**TASK STATEMENT:** What lines of the listing include the string "Fernando"? Show them all.

================================

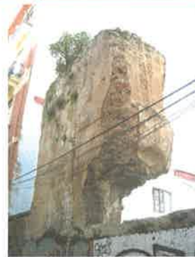
Lienzo de muralla en la calle Salinas (parcela 55321-06)
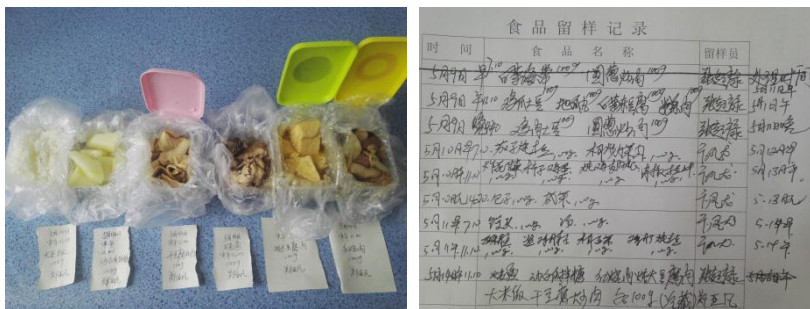
图 I -6 食品留样情况组图
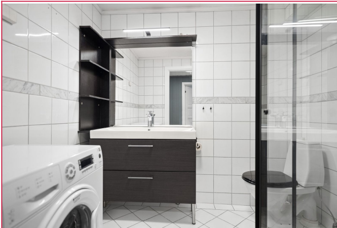
Flidlagt bad med varme i gulv og vaskemaskin
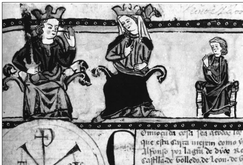
Miniatura del Tumbo de Tojos Outos. Archivo Histórico Nacional. Madrid. Supuestas imágenes de Alfonso X, D a Violante y Don Fernando de la Cerda.

El infante Fernando, hijo primogénito de Don Alfonso, nació con un gran lunar en la espalda del que surgía un recio pelo. De ahí el sobrenombre “de la Cerda”. Era el heredero de la corona de Castilla y León.
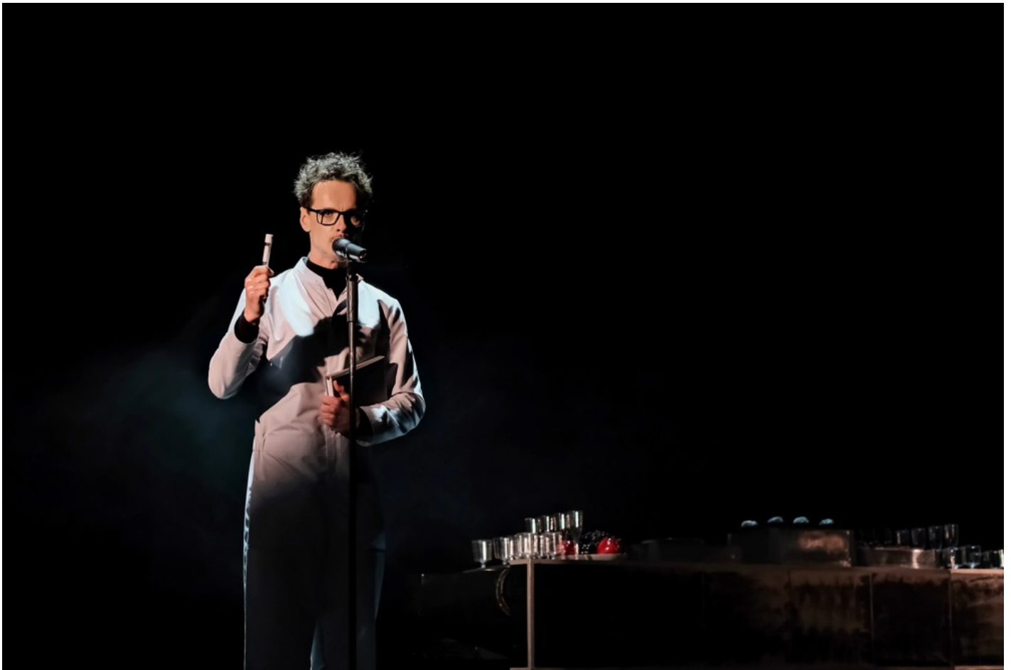
"Біла пошесть": Фантастичний реалізм воєнного часу

================================

**TASK OUTPUT:**
Miniatura del Tumbo de Tojos Outos. Archivo Histórico Nacional. Madrid. Supuestas imágenes de Alfonso X, D a Violante y Don Fernando de la Cerda.
El infante Fernando, hijo primogénito de Don Alfonso, nació con un gran lunar en la espalda del que surgía un recio pelo. De ahí el sobrenombre “de la Cerda”. Era el heredero de la corona de Castilla y León.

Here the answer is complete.